1.) In a shipment of alarm clocks, the probability that one alarm clock is defective is 0.04. Charlie selects three alarm clocks at random. If he puts each clock back with the rest of the shipment before selecting the next one, what is the probability that all three alarm clocks are defective?
2.) A builder has 8 lots available for sale.
·Six lots are greater than one acre.
·Two lots are less than one acre.
What is the probability that the next three lots sold will be greater than one acre?
3.) A cafeteria has 5 turkey sandwiches, 6 cheese sandwiches, and 4 tuna sandwiches. There are two students in line and each will take a sandwich. What is the probability that the first student takes a cheese sandwich and the next student takes a turkey sandwich? 2/15
Wait actually nevermind haha I figured them out:)
Nice, good job.
1.) To solve this problem, we can use the concept of independent events. The probability that one alarm clock is defective is given as 0.04. Since Charlie selects the alarm clocks one at a time and puts each clock back before selecting the next one, we can consider each selection as an independent event.
The probability of selecting a defective alarm clock on the first try is 0.04. The probability of selecting a defective alarm clock on the second try is also 0.04, and the same for the third try. Since each selection is independent, we can multiply these probabilities together to find the probability of all three alarm clocks being defective.
P(all three alarm clocks are defective) = P(defective on first try) * P(defective on second try) * P(defective on third try)
= 0.04 * 0.04 * 0.04
= 0.0016
Therefore, the probability that all three alarm clocks are defective is 0.0016.

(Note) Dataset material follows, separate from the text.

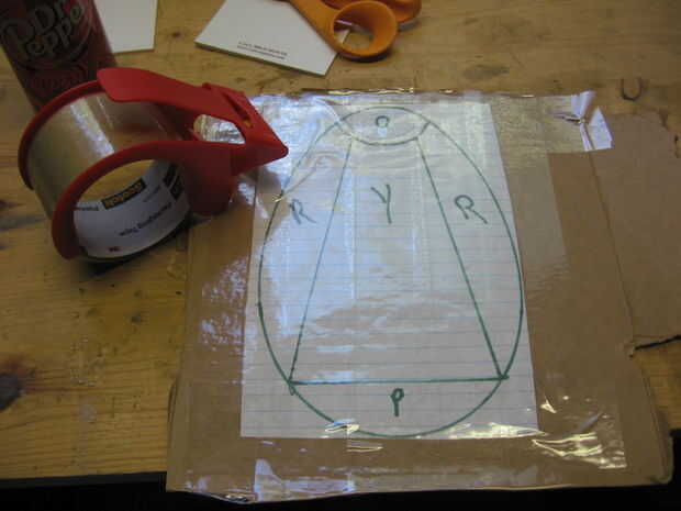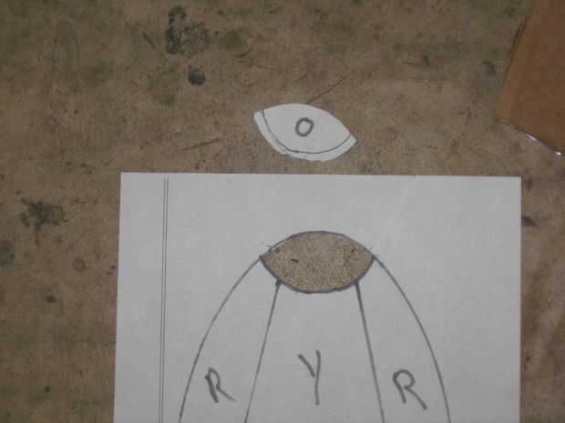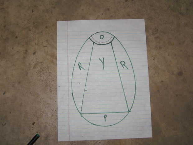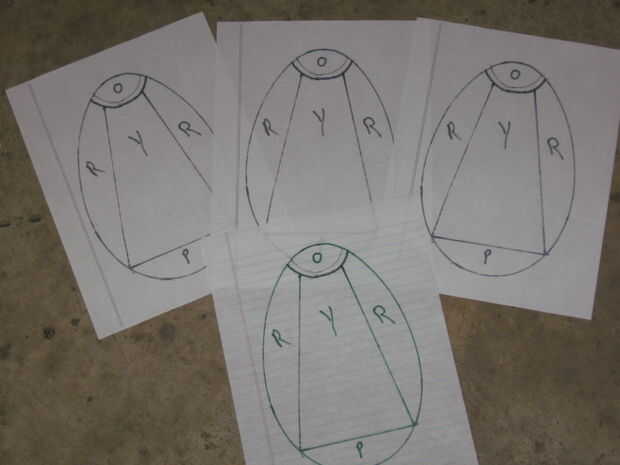 Me puso la parte inferior de la mitad de mi huevo en un pedazo de papel y trazada alrededor del perímetro. Entonces yo saqué un patrón geométrico simple dentro del contorno. Fui con un sol brillando hacia abajo sobre el tipo de agua de adorno. No estoy seguro por que tuve colores trabajó con. Luego había marcado cada forma con la primera letra del color deseado. Luego hice varias copias. Esto es así podría cortar las piezas individuales para trazar en el vidrio. Cuando usted corta las piezas que desea ser justo dentro de la línea. Esto compensará el ancho de la soldadura cuando se ensamblan las piezas.
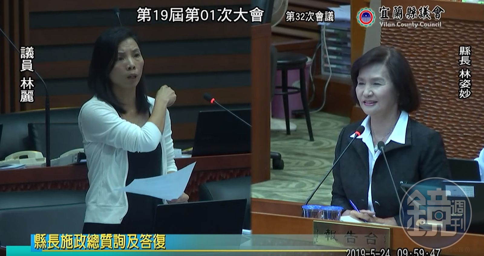 林麗又重複了兩次「蘭青庭、是蘭青庭」,林姿妙沒有回應,林麗接著解釋,蘭青庭設在宜蘭科學園區,縣長應該要整合勞工處和工商旅遊處,才能讓青年謀合創業和就業。

2.) In this problem, we need to find the probability that the next three lots sold will be greater than one acre. Out of the 8 lots available for sale, 6 are greater than one acre, and 2 are less than one acre. Since each sale is independent, we can calculate the probability of each sale individually and then multiply them together.
The probability of selling a lot greater than one acre on the first sale is 6/8. Similarly, the probability of selling a lot greater than one acre on the second and third sales is also 6/8 each.
P(next three lots sold will be greater than one acre) = P(sold greater than one acre on first sale) * P(sold greater than one acre on second sale) * P(sold greater than one acre on third sale)
= (6/8) * (6/8) * (6/8)
= 0.421875
Therefore, the probability that the next three lots sold will be greater than one acre is approximately 0.421875.
3.) To find the probability that the first student takes a cheese sandwich and the next student takes a turkey sandwich, we need to consider the total number of possible sandwich combinations and the number of combinations that meet our desired condition.
The total number of possible sandwich combinations is the product of the number of options for the first student (6 cheese sandwiches) and the number of options for the second student (5 turkey sandwiches).
The number of combinations where the first student takes a cheese sandwich and the second student takes a turkey sandwich is the product of the number of options for the first student (6 cheese sandwiches) and the number of options for the second student (5 turkey sandwiches).
Therefore, the probability that the first student takes a cheese sandwich and the next student takes a turkey sandwich is:
P(first student takes a cheese sandwich and next student takes a turkey sandwich) = (6/15) * (5/14)
= 2/15
Therefore, the probability that the first student takes a cheese sandwich and the next student takes a turkey sandwich is 2/15.